Edité par CCSD ; Elsevier for the European Society of Clinical Microbiology and Infectious Diseases -

International audience. Bacillus cereus is responsible for food poisoning and rare but severe clinical infections. The pathogenicity of strains varies from harmless to lethal strains. However, there are currently no markers, either alone or in combination, to differentiate pathogenic from non-pathogenic strains. The objective of the study was to identify new genetic biomarkers to differentiate non-pathogenic from clinically relevant B. cereus strains.A first set of 15 B. cereus strains were compared by RNAseq. A logistic regression model with lasso penalty was applied to define combination of genes whose expression was associated with strain pathogenicity.

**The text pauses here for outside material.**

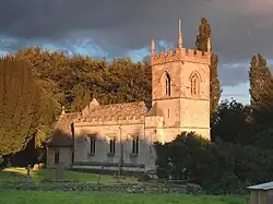 The village used to be clustered immediately around the parish church. Earthworks indicating the sites of buildings survive to the west, south and east of the churchyard.[11] However, the modern village is 220 yards (200 m) east of the church, contiguous with Middle Barton village in the Steeple Barton parish.[11] The agricultural lands of Steeple Barton and Westcott Barton were worked as a single field system. An open field system of farming prevailed in the two parishes until an inclosure act, the Westcott and Middle Barton Inclosure Act 1795 (35 Geo. 3. c. 19 Pr.), for their common lands, was implemented in 1796.[2] The main road between Bicester and Enstone traverses the parish from east to west. It was turnpiked in 1793 but was disturnpiked in 1876[2] and is now classified the B4030 road.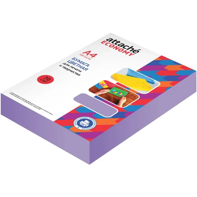 Бумага цветная Attache Economy (фиолетовый пастель), 70г, А4, 500 л

The identified markers were checked for their presence/absence in a collection of 95 B. cereus strains with varying pathogenic potential (food-borne outbreaks, clinical and non-pathogenic). Receiver operating characteristic area under the curve (AUC) analysis was used to determine the combination of biomarkers, which best differentiate between the "disease" versus "non-disease" groups.Seven genes were identified during the RNAseq analysis with a prediction to differentiate between pathogenic and non-pathogenic strains. The validation of the presence/absence of these genes in a larger collection of strains coupled with AUC prediction showed that a combination of four biomarkers was sufficient to accurately discern clinical strains from harmless strains, with an AUC of 0.955, sensitivity of 0.9 and specificity of 0.86.These new findings help in the understanding of B. cereus pathogenic potential and complexity and may provide tools for a better assessment of the risks associated with B. cereus contamination to improve patient health and food safety.